• _ACTIVITY_:
Write out exactly, and only, the lines below from the line with "Hint: it is" through the line with "青醬野菇義大利麵盒子,以烤得"; pictures do not belong in the copy.

• _RECORD EXCERPTS_:
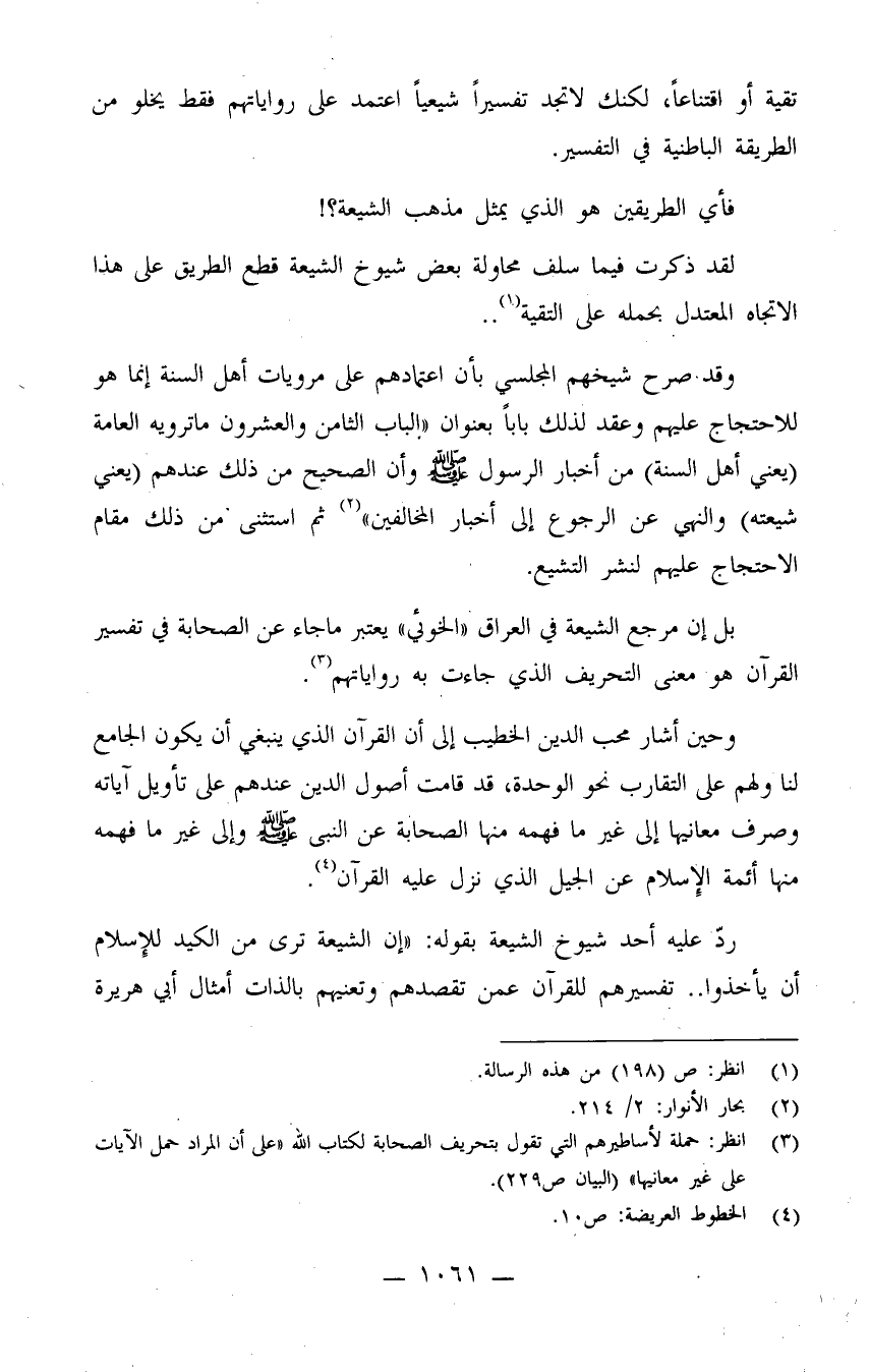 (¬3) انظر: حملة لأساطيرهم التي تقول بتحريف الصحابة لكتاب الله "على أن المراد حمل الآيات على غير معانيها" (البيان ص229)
---
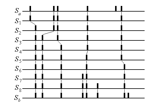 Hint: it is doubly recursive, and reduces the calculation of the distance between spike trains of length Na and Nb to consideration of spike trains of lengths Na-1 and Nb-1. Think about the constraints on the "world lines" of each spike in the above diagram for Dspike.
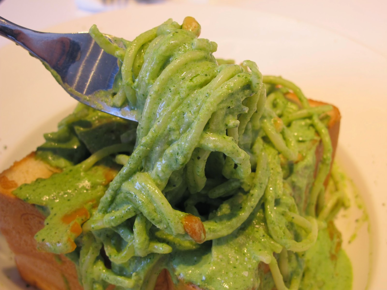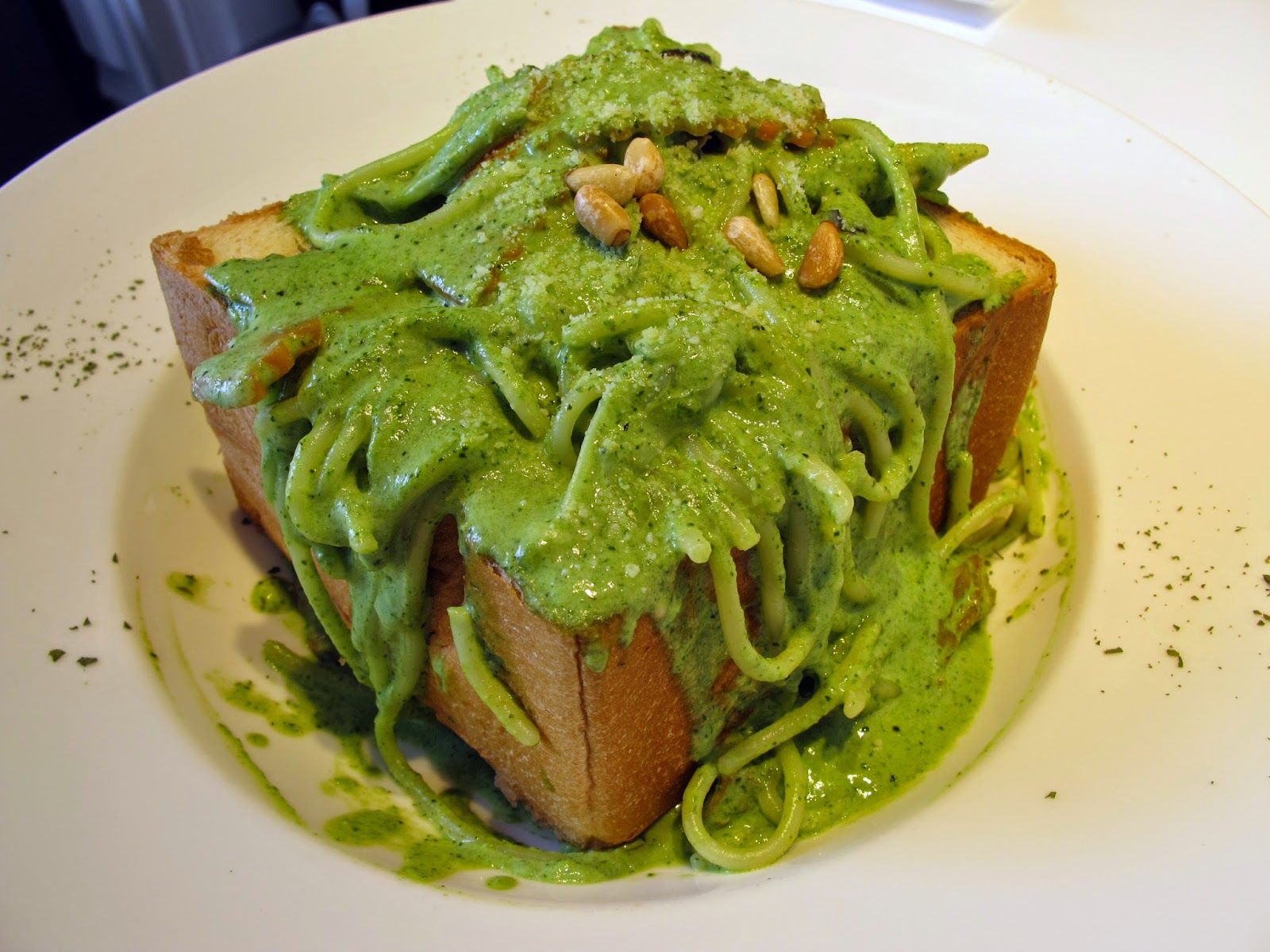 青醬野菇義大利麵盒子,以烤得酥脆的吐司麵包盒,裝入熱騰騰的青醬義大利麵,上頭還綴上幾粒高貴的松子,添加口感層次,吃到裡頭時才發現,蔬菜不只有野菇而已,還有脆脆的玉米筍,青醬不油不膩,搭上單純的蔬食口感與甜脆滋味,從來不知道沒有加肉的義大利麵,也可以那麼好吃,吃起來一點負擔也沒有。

• _PROBLEM SOLUTION_:
 Hint: it is doubly recursive, and reduces the calculation of the distance between spike trains of length Na and Nb to consideration of spike trains of lengths Na-1 and Nb-1. Think about the constraints on the "world lines" of each spike in the above diagram for Dspike.
 青醬野菇義大利麵盒子,以烤得酥脆的吐司麵包盒,裝入熱騰騰的青醬義大利麵,上頭還綴上幾粒高貴的松子,添加口感層次,吃到裡頭時才發現,蔬菜不只有野菇而已,還有脆脆的玉米筍,青醬不油不膩,搭上單純的蔬食口感與甜脆滋味,從來不知道沒有加肉的義大利麵,也可以那麼好吃,吃起來一點負擔也沒有。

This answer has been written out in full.